• _DATASET RECORDS_:
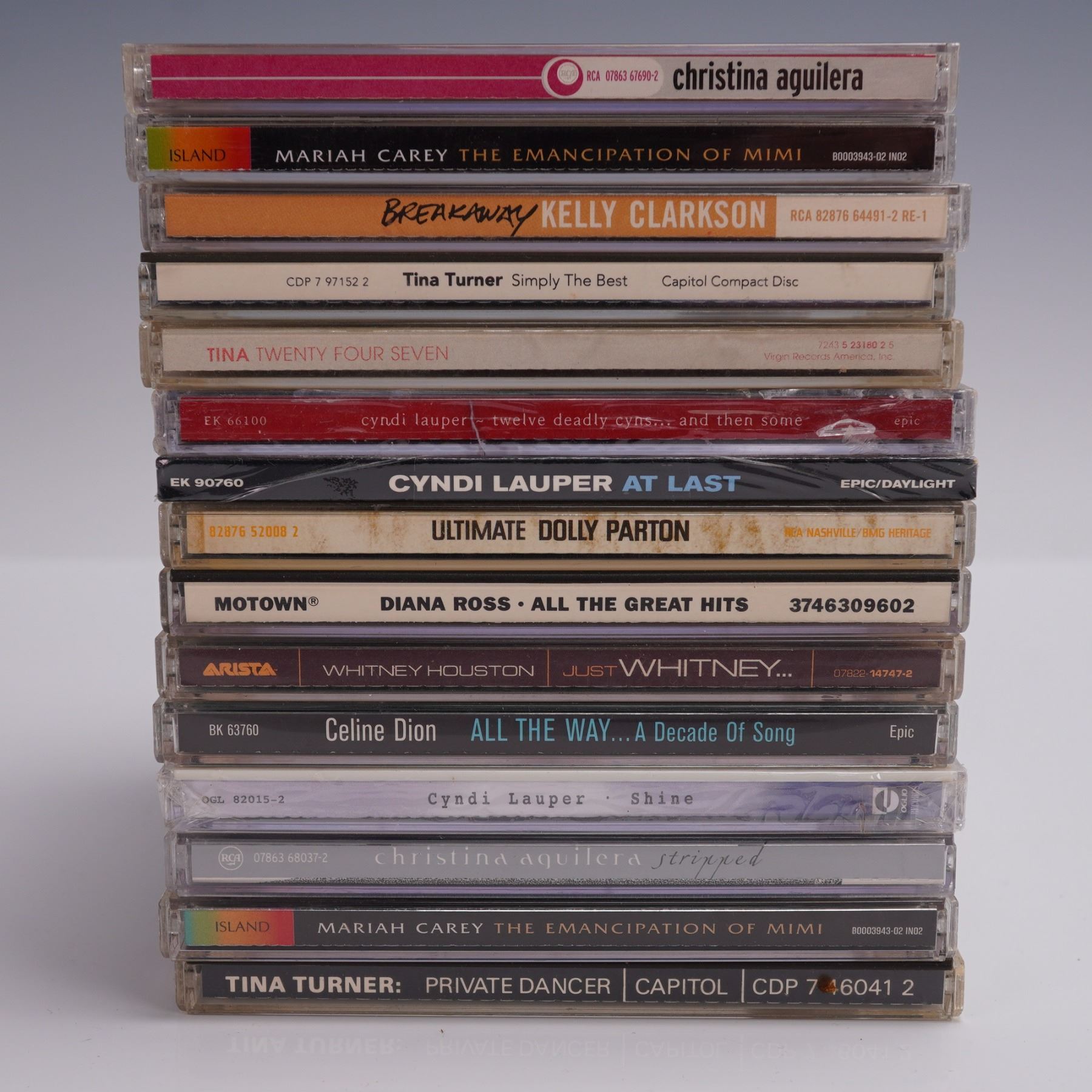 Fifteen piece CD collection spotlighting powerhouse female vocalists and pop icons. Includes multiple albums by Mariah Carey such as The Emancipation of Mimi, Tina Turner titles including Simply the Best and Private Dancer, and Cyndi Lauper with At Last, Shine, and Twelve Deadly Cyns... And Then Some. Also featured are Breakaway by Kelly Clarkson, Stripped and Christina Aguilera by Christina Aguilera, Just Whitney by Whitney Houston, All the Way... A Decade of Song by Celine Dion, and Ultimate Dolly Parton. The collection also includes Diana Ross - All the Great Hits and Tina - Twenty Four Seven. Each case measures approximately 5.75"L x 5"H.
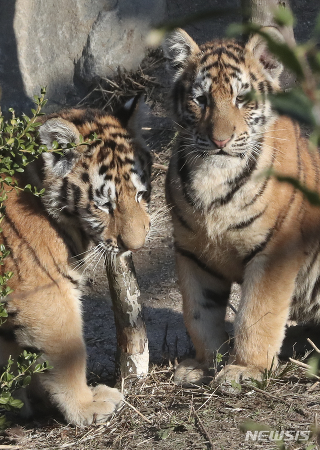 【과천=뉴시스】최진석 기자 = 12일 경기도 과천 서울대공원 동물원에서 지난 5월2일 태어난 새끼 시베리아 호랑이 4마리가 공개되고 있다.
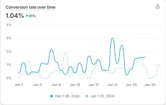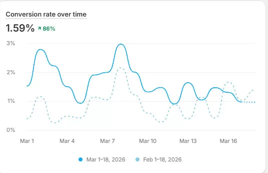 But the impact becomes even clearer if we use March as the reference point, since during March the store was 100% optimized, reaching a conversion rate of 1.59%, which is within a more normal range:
==
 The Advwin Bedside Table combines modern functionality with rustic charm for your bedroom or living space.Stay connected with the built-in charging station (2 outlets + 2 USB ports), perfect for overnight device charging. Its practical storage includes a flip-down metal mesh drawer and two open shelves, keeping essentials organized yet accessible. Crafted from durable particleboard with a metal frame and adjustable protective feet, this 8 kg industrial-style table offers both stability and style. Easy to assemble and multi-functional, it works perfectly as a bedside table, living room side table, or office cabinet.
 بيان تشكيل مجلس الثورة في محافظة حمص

• _TASK TO COMPLETE_: Output only the stretch above from the line with "Fifteen piece CD" through the line with "But the impact", reproduced exactly. Exclude pictures.

• _THE ANSWER_:
 Fifteen piece CD collection spotlighting powerhouse female vocalists and pop icons. Includes multiple albums by Mariah Carey such as The Emancipation of Mimi, Tina Turner titles including Simply the Best and Private Dancer, and Cyndi Lauper with At Last, Shine, and Twelve Deadly Cyns... And Then Some. Also featured are Breakaway by Kelly Clarkson, Stripped and Christina Aguilera by Christina Aguilera, Just Whitney by Whitney Houston, All the Way... A Decade of Song by Celine Dion, and Ultimate Dolly Parton. The collection also includes Diana Ross - All the Great Hits and Tina - Twenty Four Seven. Each case measures approximately 5.75"L x 5"H.
 【과천=뉴시스】최진석 기자 = 12일 경기도 과천 서울대공원 동물원에서 지난 5월2일 태어난 새끼 시베리아 호랑이 4마리가 공개되고 있다.
 But the impact becomes even clearer if we use March as the reference point, since during March the store was 100% optimized, reaching a conversion rate of 1.59%, which is within a more normal range:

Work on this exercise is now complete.